WHAT YOU SHOULD DO =>
Exactly the lines from the one containing "QUOTE(кто Я ?" through the one containing "이날 행사에는 대성에너지" in the listing below are to be copied, with the pictures left out.

SOURCE INFORMATION =>
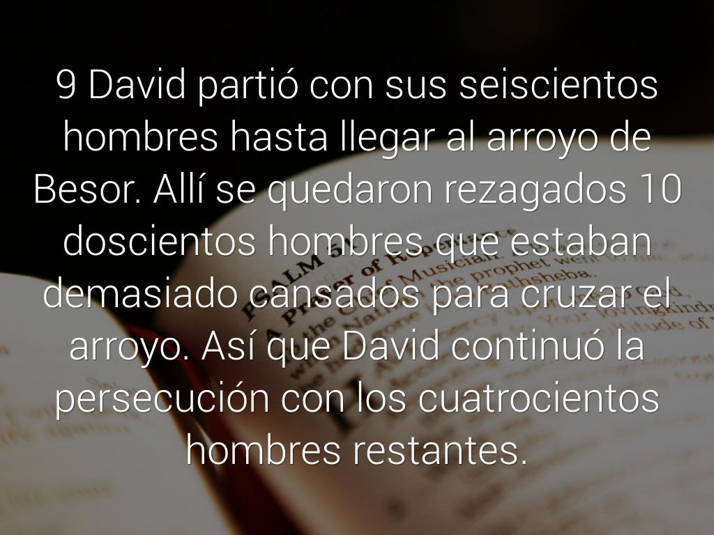 Cuando David llamó, usted arriesgo su vida. Ahora, con la victoria en las manos, vuelve galopando al ARROYO DE BESOR.
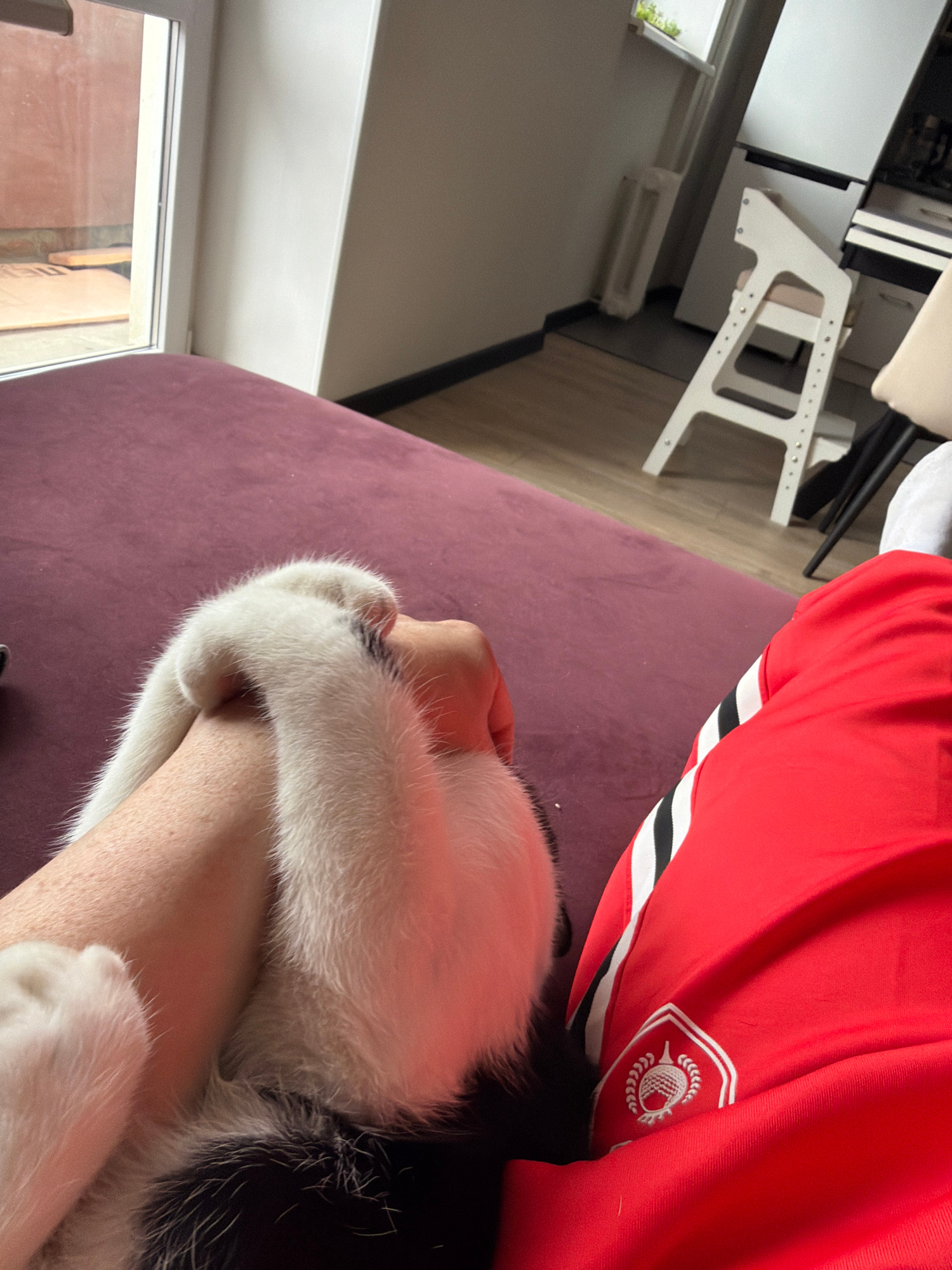 A close-up, low-angle shot shows a person wearing a red shirt with white and black stripes and a white logo of an acorn and leaves, possibly a sports team, holding a black and white cat. The person's…read more
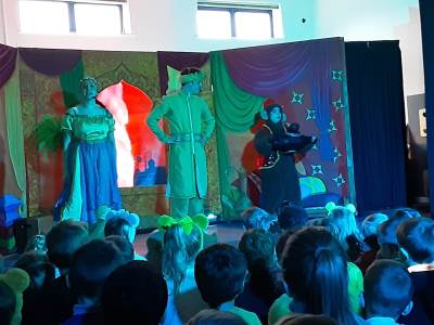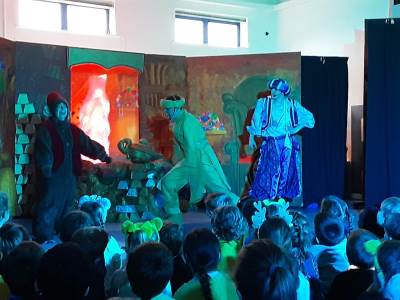 Mrs Woods, Mr Brownsell and Miss Bird were surprised to find themselves volunteered to dance in the Panto - much to the children's delight!
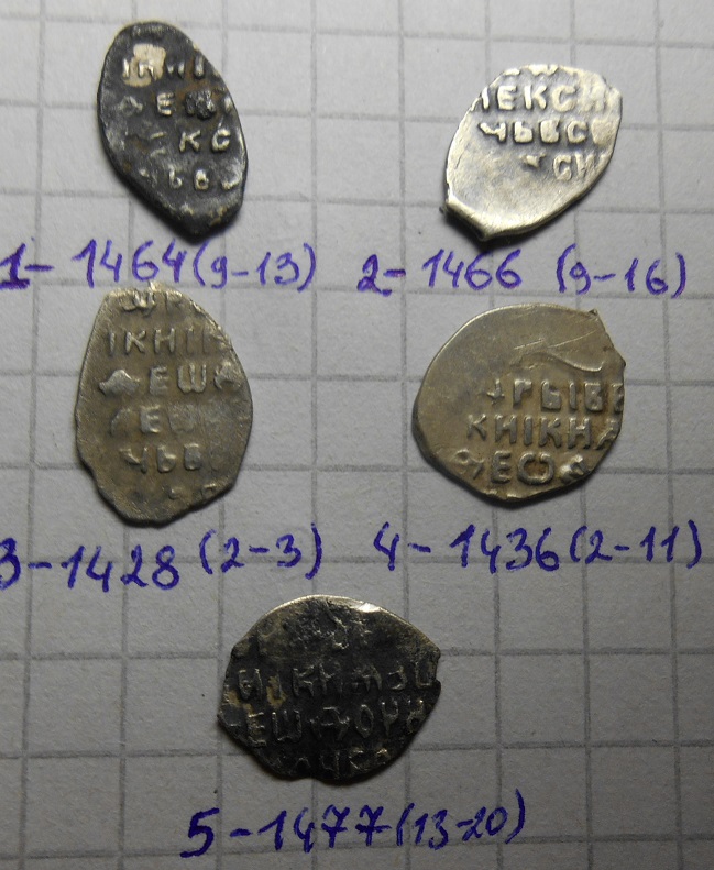 QUOTE(кто Я ? @ Nov 22 2015, 13:16) 1. Московская копеечка Федора Ивановича, КиГ 126(4-2), рядовая. 2. Псковская копеечка Федора Ивановича, КиГ 136(5-3), рядовая. 3. Псковская копеечка Бориса Федоровича Годунова, КиГ 196(3*-1), редкость IX - не совсем обычная монета, встречается реже рядовых. 4. Псковская копеечка Ивана IV Васильевича, КиГ 93(21-9), рядовая. Для состояния представленных монет стоимость составляет ~ 50+-10 рублей... -------------------- Знаешь - говори, хочешь узнать - слушай
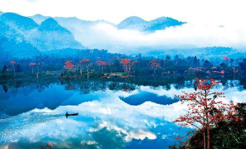 海南省昌江黎族自治县素有“中国木棉之乡”的美称。每年三四月份,是昌化江畔木棉花最艳丽的季节。在木棉花季,木棉花开遍田间地头,漫步木棉花海之中赏花别有一番情趣,仿佛穿梭于一团团火焰之中。昌江,位于海南的西北部,依山面海,距海口市196公里,这里属于典型的热带季风气候区,全年无冬,四季如春,日照充足,生态环境良好。走上海南昌江县宝山木棉观景台,这里山岭起伏,梯田层层,红棉成片,山水相映!登
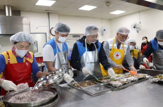 이날 행사에는 대성에너지 임직원과 적십자봉사회 수성구지회 등 50여명이 참여해 직접 음식을 조리하고 지역 취약계층 450여명에게 정성스럽게 점심 식사를 대접하며 사랑의 온정을 나눴다.
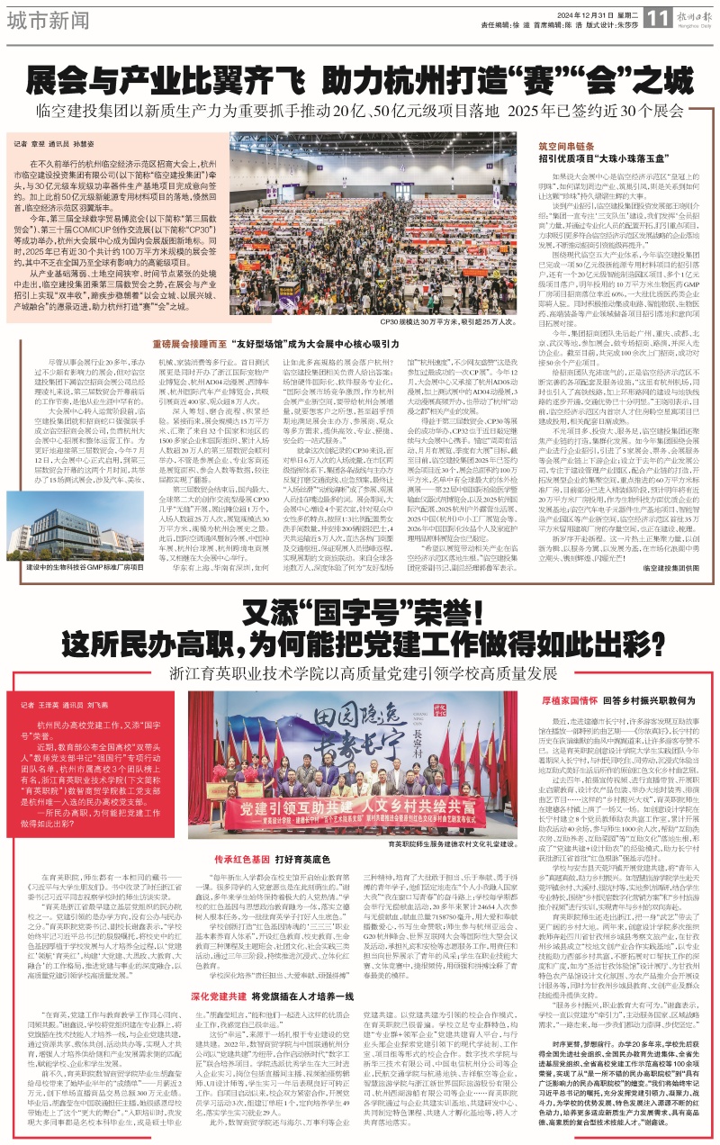 “育英是浙江省最早建立基层党组织的民办院校之一。党建引领的是办学方向,没有公办与民办之分。”育英职院党委书记、副校长谢鑫表示,“学校始终牢记习近平总书记的殷殷嘱托,将校史中的红色基因厚植于学校发展与人才培养全过程,以‘党建红’领航‘育英红’,构建‘大党建、大思政、大教育、大融合’的工作格局,推进党建与事业的深度融合,以高质量党建引领学校高质量发展。”
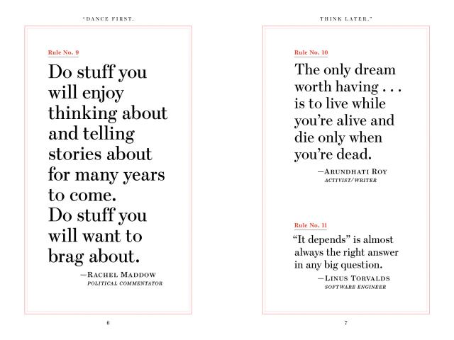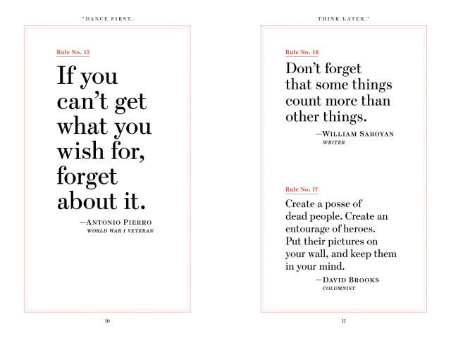 Created by Kathryn and Ross Petras, connoisseurs of quotes, whose books and calendars have over 56 million copies in print, “Dance First. Think Later.” is a collection of the greatest life wisdom from an unexpected group of speakers, doers, and thinkers. There are 618 rules to live by—funny, sly, declarative, thoughtful, offhanded, clever, and always profound:

ANSWER =>
 QUOTE(кто Я ? @ Nov 22 2015, 13:16) 1. Московская копеечка Федора Ивановича, КиГ 126(4-2), рядовая. 2. Псковская копеечка Федора Ивановича, КиГ 136(5-3), рядовая. 3. Псковская копеечка Бориса Федоровича Годунова, КиГ 196(3*-1), редкость IX - не совсем обычная монета, встречается реже рядовых. 4. Псковская копеечка Ивана IV Васильевича, КиГ 93(21-9), рядовая. Для состояния представленных монет стоимость составляет ~ 50+-10 рублей... -------------------- Знаешь - говори, хочешь узнать - слушай
 海南省昌江黎族自治县素有“中国木棉之乡”的美称。每年三四月份,是昌化江畔木棉花最艳丽的季节。在木棉花季,木棉花开遍田间地头,漫步木棉花海之中赏花别有一番情趣,仿佛穿梭于一团团火焰之中。昌江,位于海南的西北部,依山面海,距海口市196公里,这里属于典型的热带季风气候区,全年无冬,四季如春,日照充足,生态环境良好。走上海南昌江县宝山木棉观景台,这里山岭起伏,梯田层层,红棉成片,山水相映!登
 이날 행사에는 대성에너지 임직원과 적십자봉사회 수성구지회 등 50여명이 참여해 직접 음식을 조리하고 지역 취약계층 450여명에게 정성스럽게 점심 식사를 대접하며 사랑의 온정을 나눴다.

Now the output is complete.